Where did she go? Would she ever be found?
Anticipation and dread filled Wadsworth as more than 400 men assembled at the town center.
“Fellow citizens, give me your attention for a moment while I give you our directions,” Medina County Commissioner William Eyles told the restless crowd in 1824.
He ordered the villagers to march west, letting one man stop every 16 feet until the line extended more than a mile. A cascading blast of brass horns was the signal to advance.
“When the last horn sounds, all move forward,” Eyles said. “Then let no man shout, no horn blow, except to announce that she is found. Search around every log or brush heap with great care, for we only expect to find her lifeless body; and let each man remember his responsibility.
“This is not a bear hunt or a wolf hunt but a search for a lost fellow creature, and may God give us success. Move forward!”
The disappearance of Sylvia Beach, a deaf mute, was one of the greatest mysteries in the Western Reserve. Sympathetic pioneers traveled from afar to help local authorities search the vast wilderness for the missing woman.
Only a year earlier, the Beach family had moved to Ohio from Connecticut. Abel Beach, “a man of great mirthfulness and wit,” and his wife, Roxy, “a woman of strong and active purpose,” were the parents of three children, George, Sylvia and Orlando Beach, who were all in their 20s at the time.
The family cleared land for a farm and lived in a log cabin north of present-day Akron Road on the rugged outskirts of Wadsworth.
Abel and George Beach built Wadsworth’s first sawmill in 1824 on Blocker’s Run in association with Joseph and Sherman Loomis. There was an endless supply of lumber. The village stood on the eastern edge of a forest teeming with chestnut, beech, maple, oak, elm, ash, hickory, sycamore and whitewood trees.
Bears, wolves, wildcats and rattlesnakes prowled the edges of town. When a bear attacked the Beach family’s pigpen in 1823, Roxy Beach grabbed a rifle and shot the beast dead in its tracks.
Sylvia Beach, 23, had been deaf since contracting scarlet fever as a child. She was subject to bouts of mental confusion and occasionally strayed from home. One cold afternoon in 1824, Sylvia slipped away from the cabin and vanished into the woods.
The Rev. Edward Brown, who was 9 when Sylvia disappeared, recalled decades later how his father, Judge Frederick Brown, had participated in the search.
“The family ran out, but could not find her,” Brown wrote in 1875. “They and the neighbors searched for her all night, and in the morning, horseback couriers were sent to all in the region for three or four miles around.”
A light snow fell overnight and trackers found a faint set of footprints leading southwest — toward present-day Woodland and Highland avenues — but the morning sun melted the trail.
The search expanded to woods in Sharon, Copley, Norton and Chippewa. The Beach family’s hopes diminished with each passing day.
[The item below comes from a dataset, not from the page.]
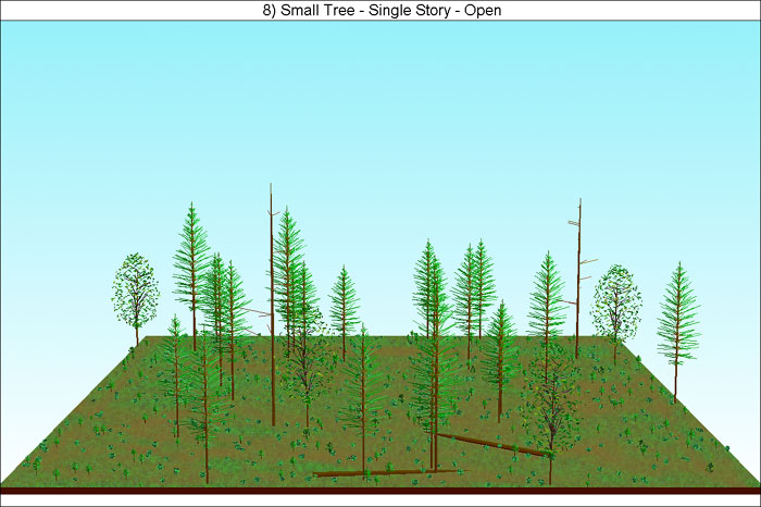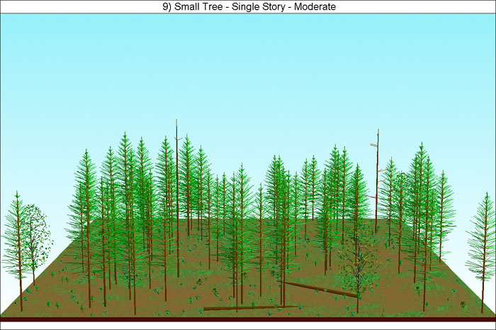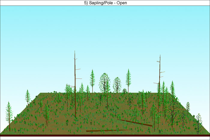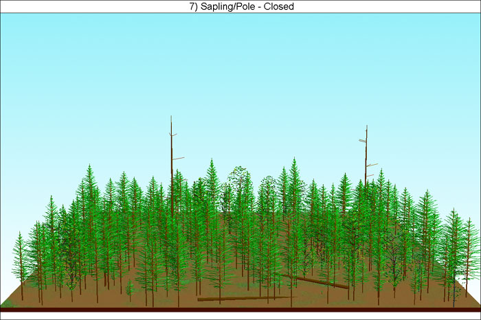 cover of sapling and pole sized trees. Tree size is 1"- 9" dbh and

In April, villagers decided to make one final push to find Sylvia. Commissioner Eyles, an attorney who later was elected state representative and county judge, organized the search and welcomed hundreds of people from near and far.
The horns blared, and the men advanced. They searched the underbrush, checked streams, looked in hollow logs and explored dark recesses of rock formations, but Sylvia Beach was gone without a trace.
“Never was a community more stirred in sympathy for a poor wanderer, and the afflicted family,” Brown wrote. “But search was unavailing. Advertisements were sent to the Ohio Repository and the Cleveland Herald, but no tidings of the lost one or any remains were ever found.”
The family placed a marble tablet at Woodlawn Cemetery in Wadsworth: “Sylvia, daughter of A & R Beach. Lost in the woods April 17, 1824, and never found.” The April date may have been when the family gave up hope. Local history books generally agree that Sylvia vanished in March.
The weather-beaten memorial is still there today, but the original epitaph is barely legible, so the words have been re-carved on the back.
So what happened to Sylvia? She could have been attacked by a wild animal or abducted by a human predator. Perhaps she ran away with an accomplice and made a new life. Or maybe she took shelter in a hiding place that has yet to be found.
After nearly two centuries, the disappearance of Sylvia Beach has become part of local lore. Details of the tragedy inevitably softened over time.
Wadsworth cartoonist Jeff Nicholas and Franklin Elementary Principal Roger Havens teamed up on a 2014 book The Story of Sylvia Beach, a children’s tale about a pioneer girl who wanders into the woods and lives in a friendly bear cave. As part of Wadsworth’s bicentennial celebration, children were invited to search 22 businesses to find “Sylvia Beach or her grizzly bear” for a chance to win prizes.
The truth, undoubtedly, is much sadder.
From his sawmill, Abel Beach cleared the Western Reserve forest — one tree at a time — but he never again saw his daughter.
The woods did not give up their secret.